FGS get over this man and block him. Your long description of your marriage and why you left was irrelevant but shows you haven’t moved on. You’re playing games with the car. Let your daughter deal with her relationship with him herself, and move on.

eazybee Wed 06-Sep-23 17:49:33

The car belongs either to your daughter or your ex-husband; I presume you are divorced?
I do not understand why you spent £800 on the car, to sell and give her the money, when it is her car already.

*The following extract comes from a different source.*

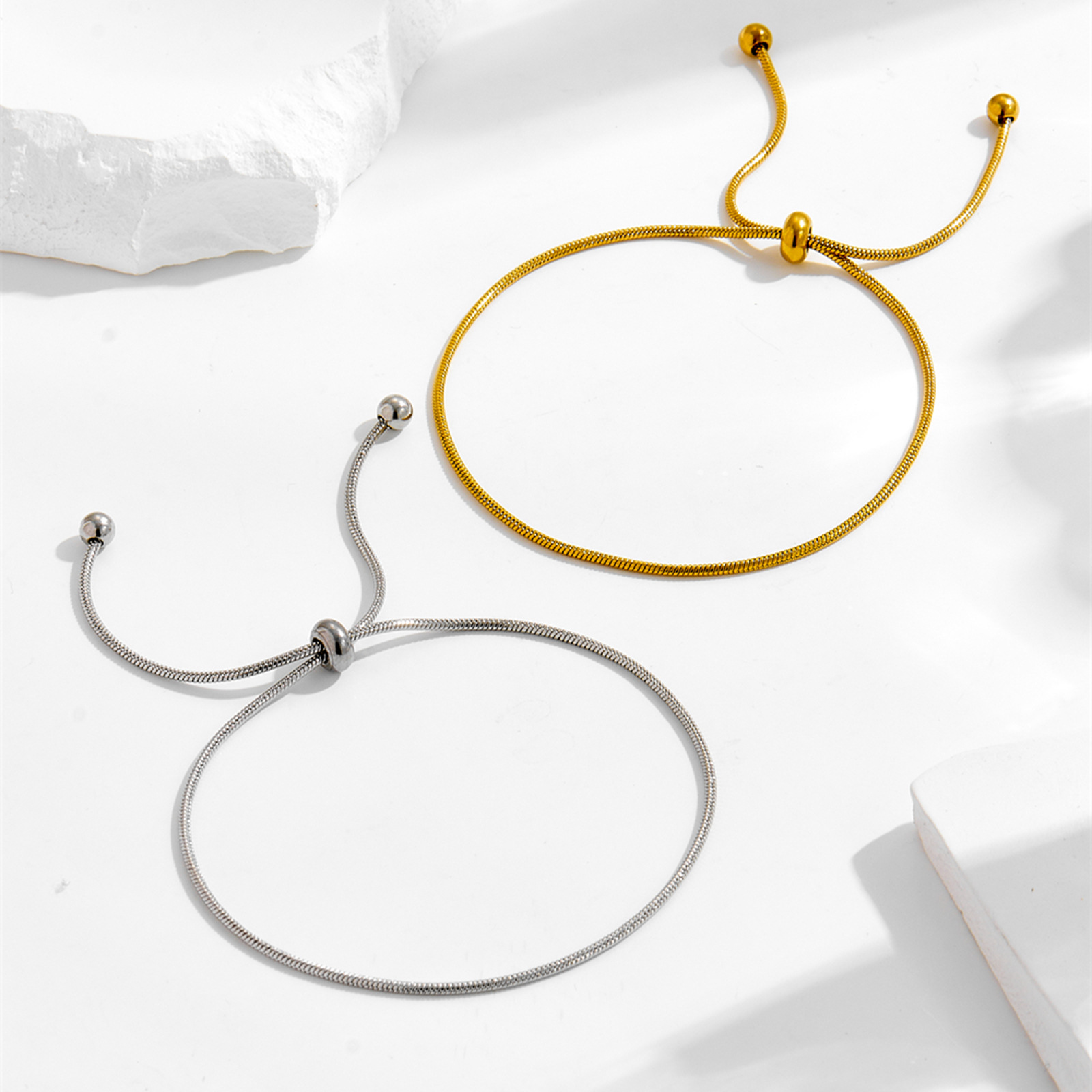 Adjustable Pull-Out Women's Fashion Versatile 18K Sexy European and American Ins Bracelet and Anklet Set, Non-Fading, Ins Style

She doesn't want it or need it, so why are you involved?
I don't believe all the stories about police involvement and solicitors; it was a gift to your daughter and it is between her and her father.
Return the car to her, tell her to return it to her father, with or without the tyres, and keep out of it.
I can't help feeling there is a story in here somewhere.

Theexwife Wed 06-Sep-23 18:15:21

I would just return the car, if it has cost £800 pounds for two years use then it was a bargain.

The car is either your daughter's or his so you really don't have any claim on it.

MerylStreep Wed 06-Sep-23 18:22:53

Too many mmmm’s in this story 🤔
his friends are wary of me because of my city ways, eating whole meal food
I don’t blame them, that’s scary 😱

Redhead56 Wed 06-Sep-23 18:41:50

People who live in the country are well aware of city ways unless they live in a remote cave.
Give the man his car back and stop playing games with someone who is obviously a loose cannon

MerylStreep Wed 06-Sep-23 18:58:47

Redhead56
I hear what your saying but we are taking about Wholemeal Food That’s not for the wooses.

Redhead56 Wed 06-Sep-23 19:33:24

You would think then being from the country he would be more used to whole meal food 😉.

Ziplok Wed 06-Sep-23 21:01:34

I’m not really sure, given the pressure the police are under these days, that they’d be involving themselves over the ownership of said car, especially as it was gifted (supposedly) to the daughter in the first place. I think they have bigger fish to catch.

Ziplok Wed 06-Sep-23 21:04:29

Lots of “mmm’s” in this story as Merylstreep suggests.

Germanshepherdsmum Wed 06-Sep-23 21:18:00

Previous threads show that OP is (re?) married. So why still this involvement with the ex?